下面我们来看下 OpenCL 中 Context 的概念。通常,Context 是指管理 OpenCL 对象和资源的上下文环境。为了管理 OpenCL 程序,下面的一些对象都要和 Context 关联起来:
• 设备(Devices): 执行 Kernel 程序对象。
• 程序对象(Program objects): kernel 程序源代码
• Kernels: 运行在 OpenCL 设备上的函数
• 内存对象(Memory objects): 设备上存放数据
• 命令队列(Command queues): 设备的交互机制
• 内存命令(Memory commands)(用于在主机内存和设备内存之间拷贝数据)
• Kernel 执行(Kernel execution)
• 同步(Synchronization)
注意:创建一个 Context 的时候,我们必须把一个或多个设备和它关联起来。对于其它的 OpenCL 资源,它们创建时候,也要和 Context 关联起来,一般创建这些资源的 OpenCL 函数的输入参数中,都会有 context。
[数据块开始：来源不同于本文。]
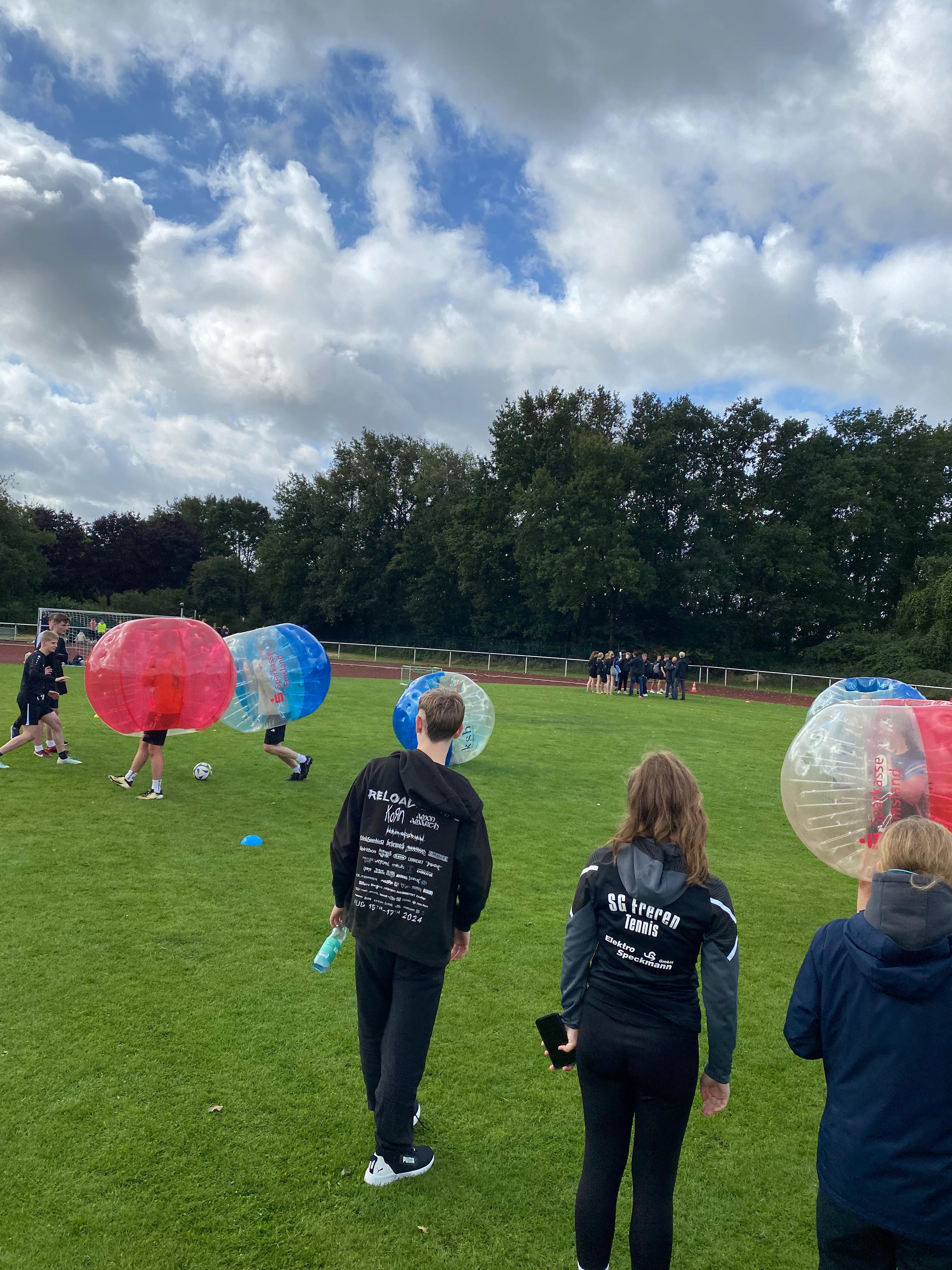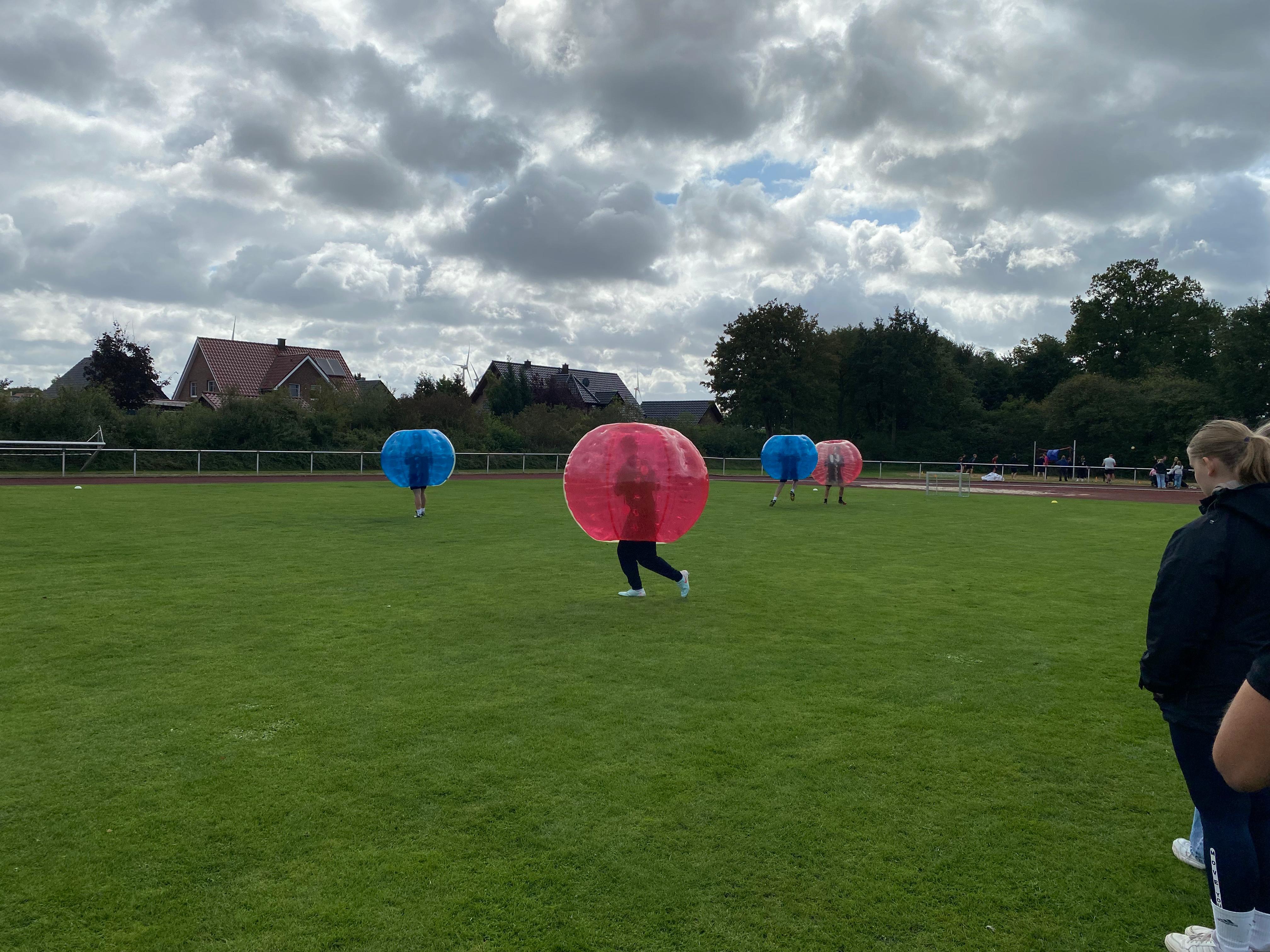 Draußen im Dehon-Stadion wetteiferten die Jahrgänge 11-13 im „Beachvolleyball Spezial“ sowie im „Bubble Soccer“. Während die klassische Sportart des Beachvolleyballs durch eine Sichteinschränkung erschwert und somit für Überraschungen gesorgt wurde, konnten die Schülerinnen und Schüler sich auf dem Fußballfeld in harte Zweikämpfe begeben, die selbst die Größten ‘umwarfen’. Fair und engagiert wurden jahrgangsinterne Turniere ausgefochten und nur kurzzeitig durch den einsetzenden Regen beeinflusst.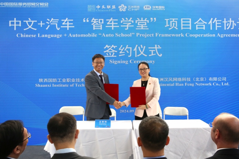 签约会上,孟繁增代表学校与五洲汉风网络科技(北京)有限公司签署“中文+汽车‘智车学堂’”项目合作协议,合作双方将通过开展汽车领域“中文+职业技能”合作,为中国汽车行业“走出去”培养具备全球视野和竞争力的本土技术技能的人才,打造汽车领域“中文+职业教育”国际化品牌。
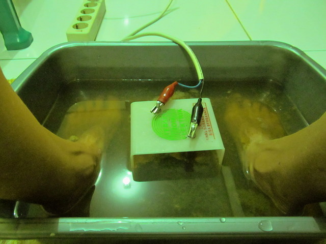But then with one glance at J and quick scan of her body, Made brought his hands to his neck and precisely identified the health issues that had compelled J to seek out this therapy. J sat down on a plastic chair near Made and placed her bare feet into the tub ‘o warm water – to which was attached two cables with battery-like chargers. I immediately expected to see her jolt in her seat. Nada. She just soaked.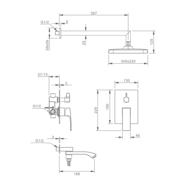 - Размер верхнего душа, см:34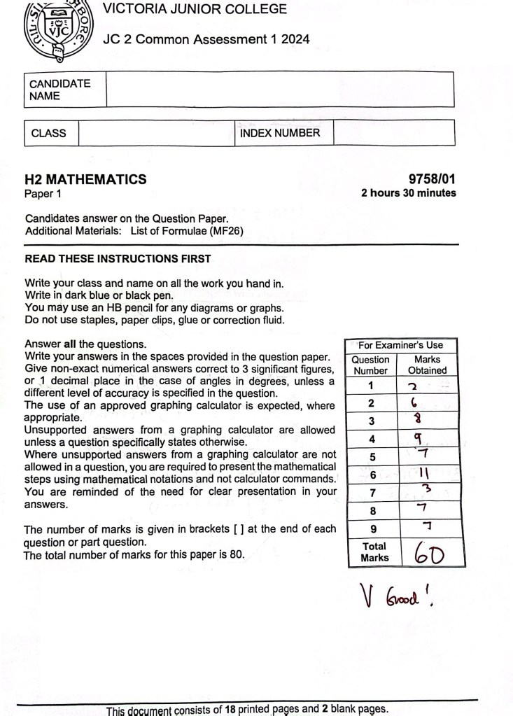 Instead of doing past VJC prelim to prepare for VJC prelim, we did the harder HCI, RI and NY prelim. She got A for VJC 2024 prelim (80-100 percentile)
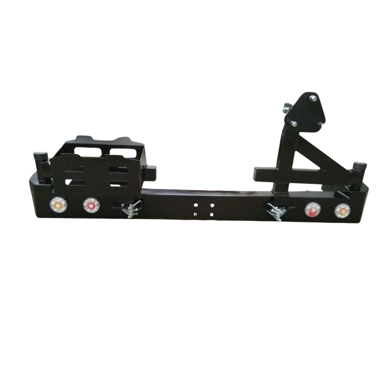 Description:Â Heavy-duty steel rear bumper with tire carrier and jerry can holder, imported stock.

/*Step 3: Create context.*/
cl_context context = clCreateContext(NULL,1, devices,NULL,NULL,NULL);

创建命令队列

接下来,我们要看下命令队列。在 OpenCL 中,命令队列就是主机的请求,在设备上执行的一种机制。
在 Kernel 执行前,我们一般要进行一些内存拷贝的工作,比如把主机内存中的数据传输到设备内存中。
另外要注意的几点就是:对于不同的设备,它们都有自己的独立的命令队列;命令队列中的命令 (kernel 函数)可能是同步的,也可能是异步的,它们的执行顺序可以是有序的,也可以是乱序的。
命令队列在 device 和 context 之间建立了一个连接。
命令队列 properties 指定一下内容:
• 是否乱序执行(在 AMD GPU 中,好像现在还不支持乱序执行)
• 是否启动 profiling。 Profiling 通过事件机制来得到 kernel 执行时间等有用的信息,但它本身也会有一些开销。

/*Step 4: Creating command queue associate with the context.*/
cl_command_queue commandQueue = clCreateCommandQueue(context, devices[0], 0, NULL);

创建程序对象

clCreateProgramWithSource()这个函数通过源代码 (strings),创建一个程序对象,其中 counts 指定源代码串的数量,lengths 指定源代码串的长度(为 NULL 结束的串时,可以省略)。当然,我们还必须自己编写一个从文件中读取源代码串的函数。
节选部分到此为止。